Title Description
$ Treeland $ State $ n-$ cities, where $ 1 $ number city is the capital, the cities are connected to some of the one-way high-speed rail line, for urban $ i \ NEQ 1 $, there is a line $ from $ i to $ p_i (p_i < i) $. Each line is the same length, but also by spending time as long.
Every city in this country have a kind of specialty, the entire country has $ m $ kinds of specialty (different cities may turn the same specialty), in which the city $ i $ specialty is represented by $ a_i $.

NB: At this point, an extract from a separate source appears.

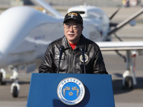 문 대통령은 이날 성남 서울공항에서 열린 2021 서울 국제 항공우주 및 방위산업 전시회(ADEX) 개막식에서 한 축사에서 "한국은 첨단과학기술 기반의 스마트 강군을 지향해 세계와 함께 평화를 만들어 갈 것"이라며 이같이 밝혔다.
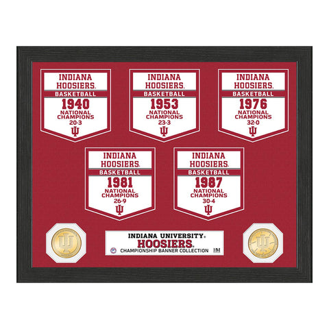 This championship banner collection commemorates 5-time NCAA Mens Basketball National Champions the University of Indiana Hoosiers! Featured in a black 12" x 15" wood frame in double mat under glass are 5 commemorative championship banners representing each of the College Basketball National Championship games won. Included below the banners are two 39mm in diameter Solid Bronze Indiana Hoosiers 5-time National Basketball Champions coins. Each Banner Collection is accompanied by a certificate of authenticity making this a true collectible. Officially licensed and proudly made in the USA by The Highland Mint!

Small $ C $ and several of his team $ A $ Ye friends (a total of $ c $ person, $ 2 \ leqslant c \ leqslant 5 $) is $ Treeland $ country to play, they are ready to be $ water party $ in a city. Held $ party $ city must satisfy everyone in attendance from each city can as soon as possible. Note Could someone in the same city.
Small $ C $ and his friends prepare their specialties to bring some $ party $. These specialty products must meet the following criteria:
. $ \ Alpha with a number of specialty $ everybody must be the same.
$ \ beta.party $ in any two can not have the same specialty.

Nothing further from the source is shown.